Depends on the metric IMO. There's a ton of use you can get out of forecasting and seasonality for anomaly detection, but you need data going back for that to have any chance. Many relevant operations metrics exhibit three levels of seasonality: daily (day/night) weekly (weekday/weekend) and annual (holidays, superbowls, media events). Being able to forecast network traffic inbound on a switch to find problems would require you to have 1y of data, effectively. You _might_ be able to discard some of the data but you'd lose some of the predictive capacity for say, the Super Bowl.

I agree that it's important to keep some telemetry data for the long term.

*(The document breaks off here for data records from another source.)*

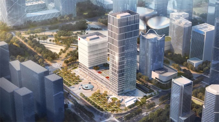 项目位于广西南宁,规模较小但仍贯彻着贝氏独特的设计风格。两座高度不同的塔楼,由低矮裙楼统一起来。其中较小塔楼的外表,覆盖着晶莹的双层幕墙,当夜幕降临时,它将会变身为城市中一座发亮的水晶立方体。本项目的中方联合设计单位为中国建筑设计研究院有限公司。
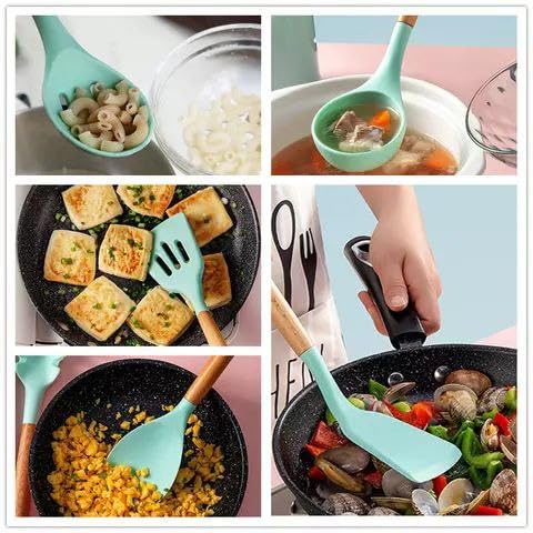 Generic - طقم توزيع سيليكون 12 قطعة بيد خشب واستاند أصلي ثقيل L
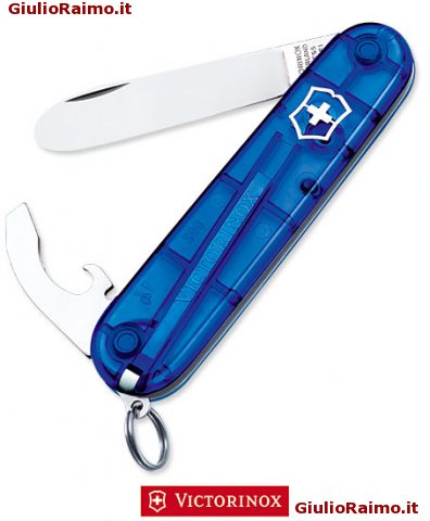 Multiuso da 84 mm dotato di guance traslucide blu... Caratteristiche tecniche: - lama senza punta - utensile multifunzione - levacapsule - apriscatole - cacciavite - spelafili - anello portachiavi - pinzetta - stuzzicadenti - nastro da collo - catenella - confezione regalo
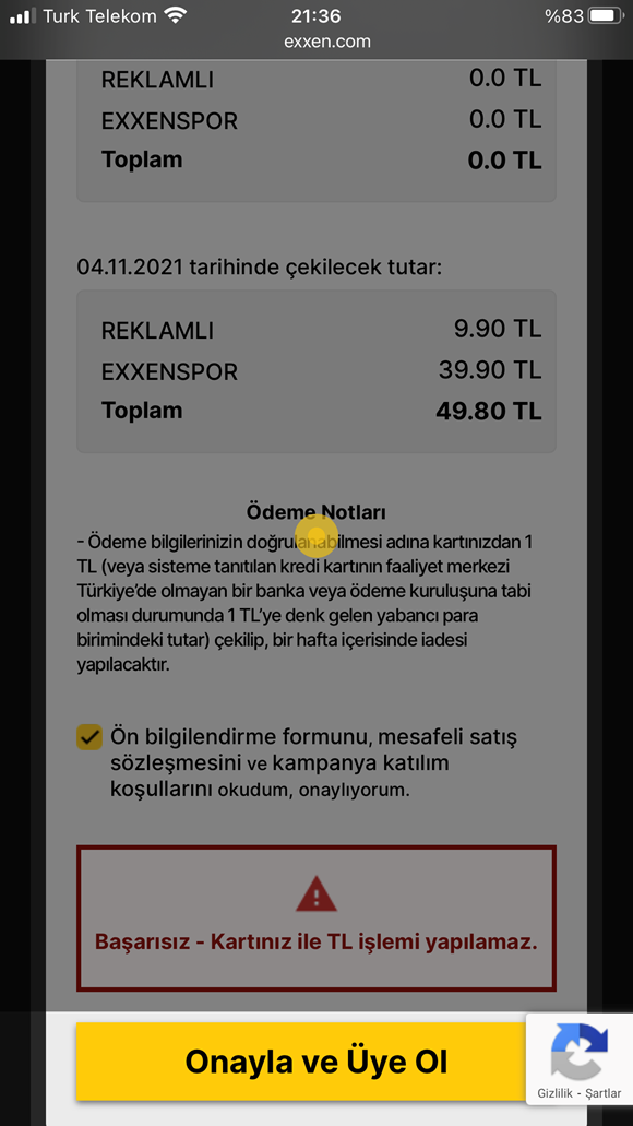 exxen kartınız ile tl işlemi yapılmaz çözümü
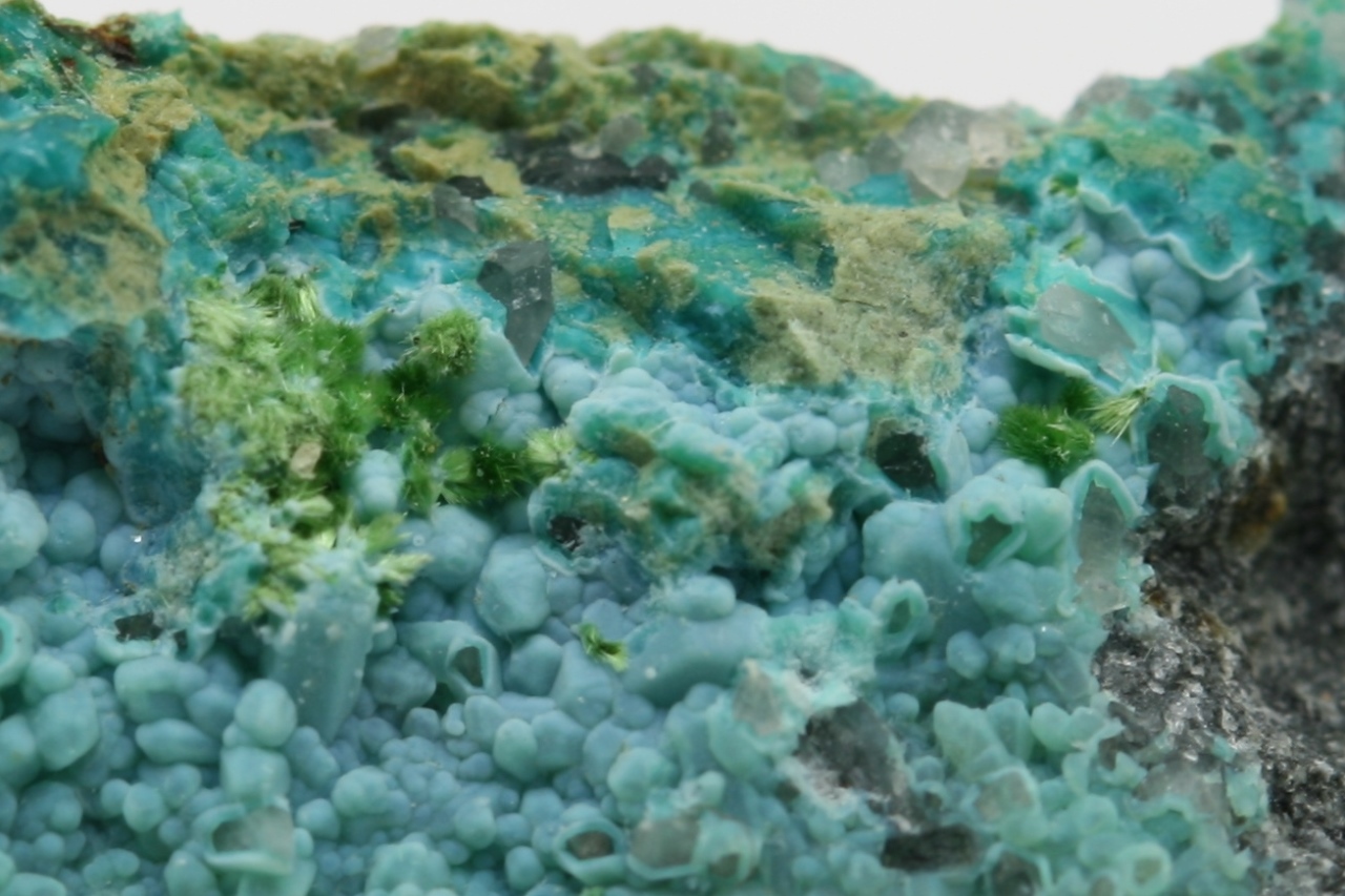 Radiäre Aggregate von grünen, nadelförmigen Kristallen des Calciopetersits – ein seltener Phosphat vom Typlokalität.
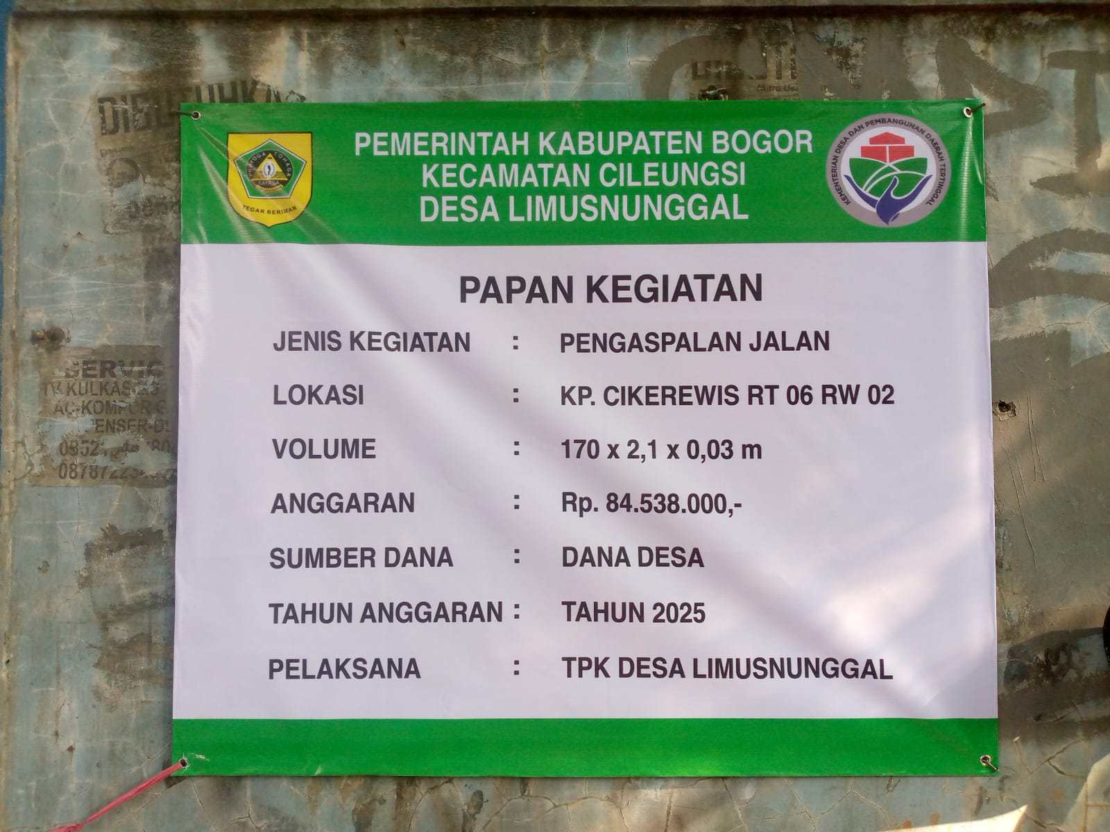 CILEUNGSI – BOGOR, MB1 II Pemerintah Desa Limusnunggal, Kecamatan Cileungsi, Kabupaten Bogor, di bawah kepemimpinan Kepala Desa H. Galih Rakasiwi, S.Ip., terus mendorong percepatan pembangunan infrastruktur demi kenyamanan dan kemajuan desa. Salah satu upaya nyata dilakukan melalui program pengaspalan jalan di Kampung Cikerewis RT 06 RW 02.
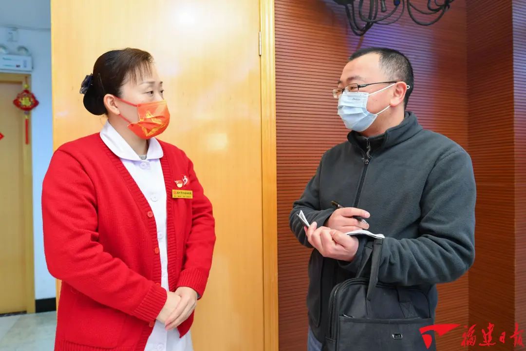 福州市社会福利院护理部主任陈晓君,向记者介绍护理老人的情况。福建日报记者 游庆辉 摄
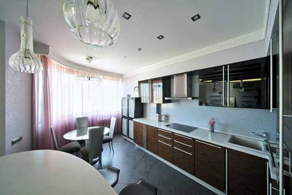 - Неправильную геометрию комнаты можно исправить, зная особенности цвета изменять геометрию пространства. Темные цвета забирают объем, а светлые делают кухню просторней. Фрагментарное применение темного цвета концентрирует внимание. Можно эффектно комбинировать черно-белую модную в этом сезоне гамму, чтобы сделать кухню просторней.

My point is that you need fewer and less granular metrics for those use cases, and that the access patterns are sufficiently different from real-time operations, that they're most effectively served by two completely different systems.
7 day retention in Prometheus, pushing to something like VictoriaMetrics for downsampling and long term storage. Prometheus is great for collection but rubbish for managing large data sets
One thing you can do is configure compressions, so essentially less recent data has lower time resolution and/or less cardinality. So some dimensions are dropped and you only have e.g. 1h resolution for data older than some threshold.
Depends on your needs really. Some metrics we do (for now) keep indefinitely. We're using Thanos to ship data to bucket in object storage Some metrics we do keep for two weeks only.
Then that's business data not monitoring data. Whole different use case and tools. One loses its value over time, the other doesn't.